> **Available data**:
=-=-=-=-=

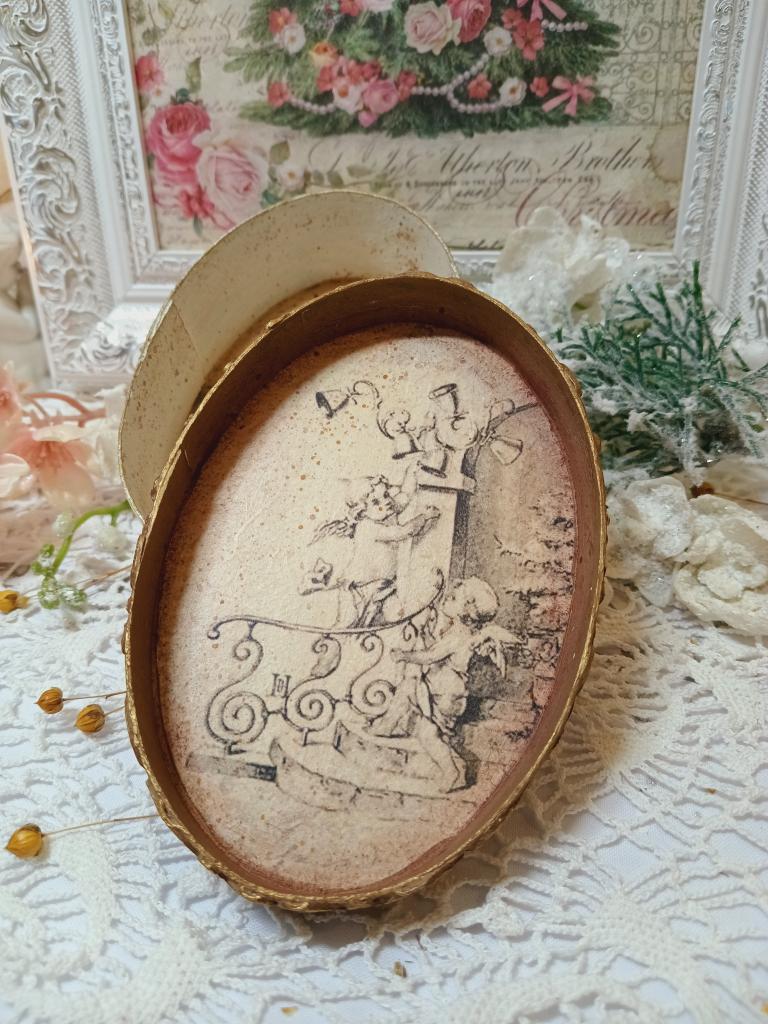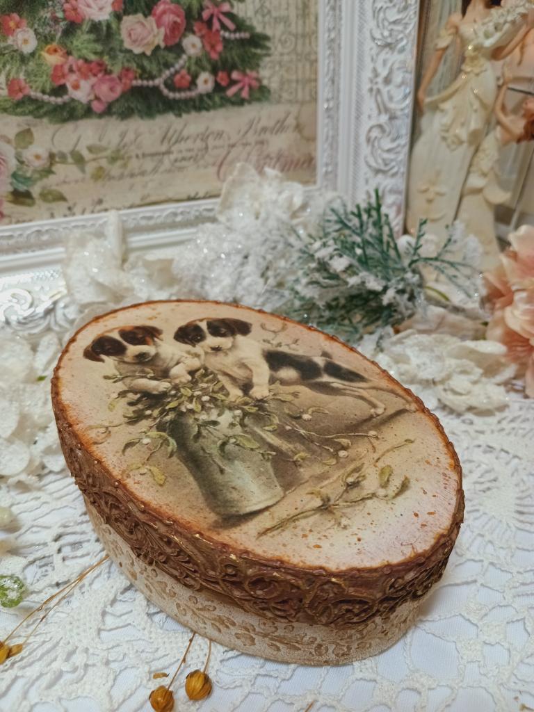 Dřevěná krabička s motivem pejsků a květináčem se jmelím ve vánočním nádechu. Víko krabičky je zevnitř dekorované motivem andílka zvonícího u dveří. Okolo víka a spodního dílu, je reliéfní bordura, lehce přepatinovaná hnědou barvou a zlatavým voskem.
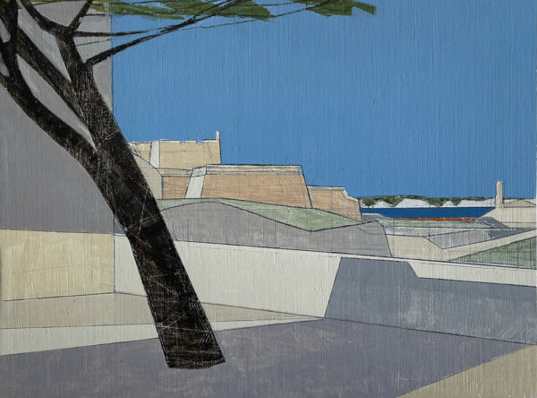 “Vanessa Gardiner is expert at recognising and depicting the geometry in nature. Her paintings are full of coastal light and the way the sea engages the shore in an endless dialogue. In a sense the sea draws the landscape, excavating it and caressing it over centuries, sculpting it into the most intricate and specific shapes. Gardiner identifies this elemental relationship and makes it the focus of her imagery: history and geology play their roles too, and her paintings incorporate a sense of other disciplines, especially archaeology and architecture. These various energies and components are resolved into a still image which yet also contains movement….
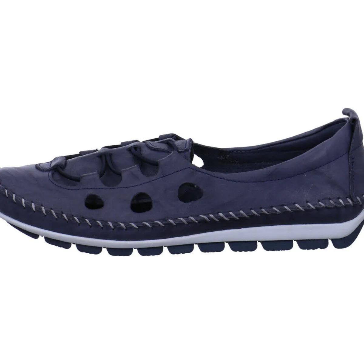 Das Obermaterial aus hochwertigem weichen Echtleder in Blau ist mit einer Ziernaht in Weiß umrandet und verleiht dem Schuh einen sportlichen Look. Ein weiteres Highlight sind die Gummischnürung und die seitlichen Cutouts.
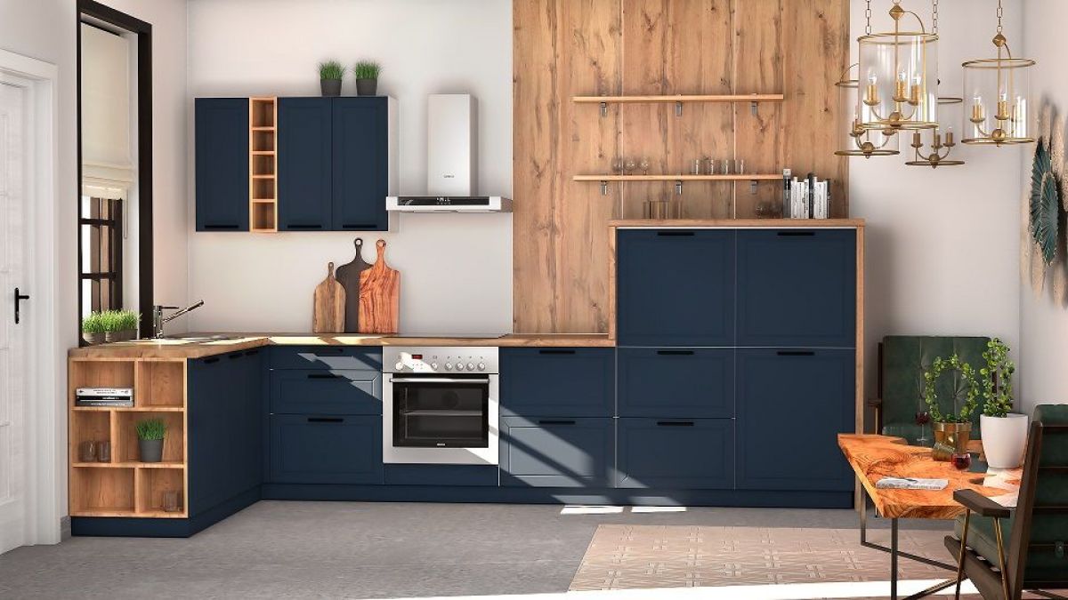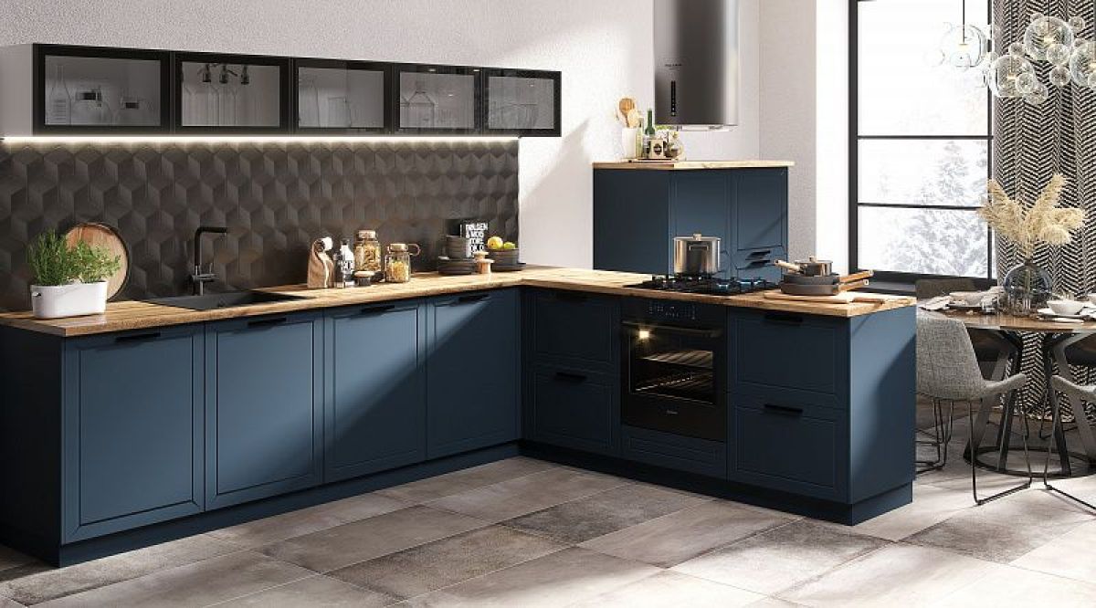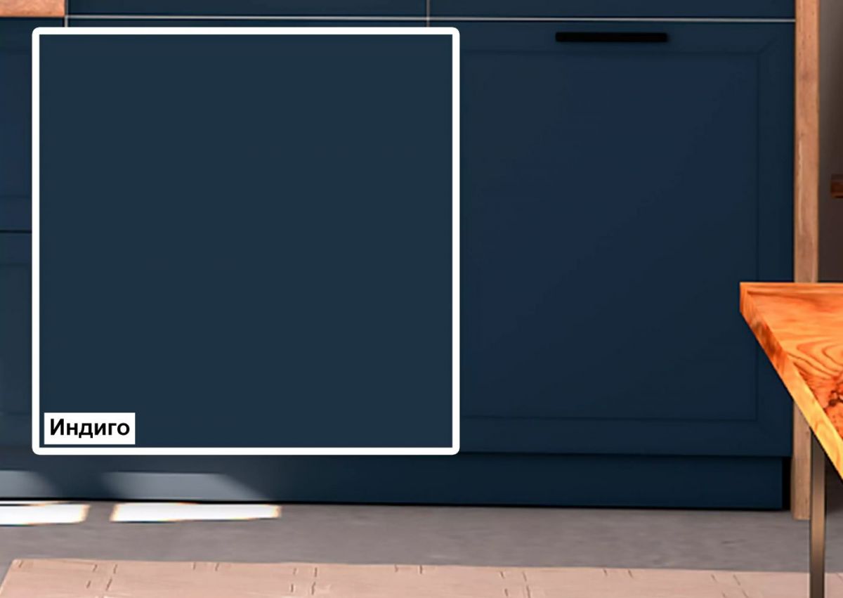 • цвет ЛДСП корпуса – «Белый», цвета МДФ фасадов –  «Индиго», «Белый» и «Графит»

=-=-=-=-=

> **Task brief**: All that the answer may contain is the exact text of the lines from the one with "also contains movement…." through the last line of the material, pictures excluded.

> **Task response**:
 “Vanessa Gardiner is expert at recognising and depicting the geometry in nature. Her paintings are full of coastal light and the way the sea engages the shore in an endless dialogue. In a sense the sea draws the landscape, excavating it and caressing it over centuries, sculpting it into the most intricate and specific shapes. Gardiner identifies this elemental relationship and makes it the focus of her imagery: history and geology play their roles too, and her paintings incorporate a sense of other disciplines, especially archaeology and architecture. These various energies and components are resolved into a still image which yet also contains movement….
 Das Obermaterial aus hochwertigem weichen Echtleder in Blau ist mit einer Ziernaht in Weiß umrandet und verleiht dem Schuh einen sportlichen Look. Ein weiteres Highlight sind die Gummischnürung und die seitlichen Cutouts.
 • цвет ЛДСП корпуса – «Белый», цвета МДФ фасадов –  «Индиго», «Белый» и «Графит»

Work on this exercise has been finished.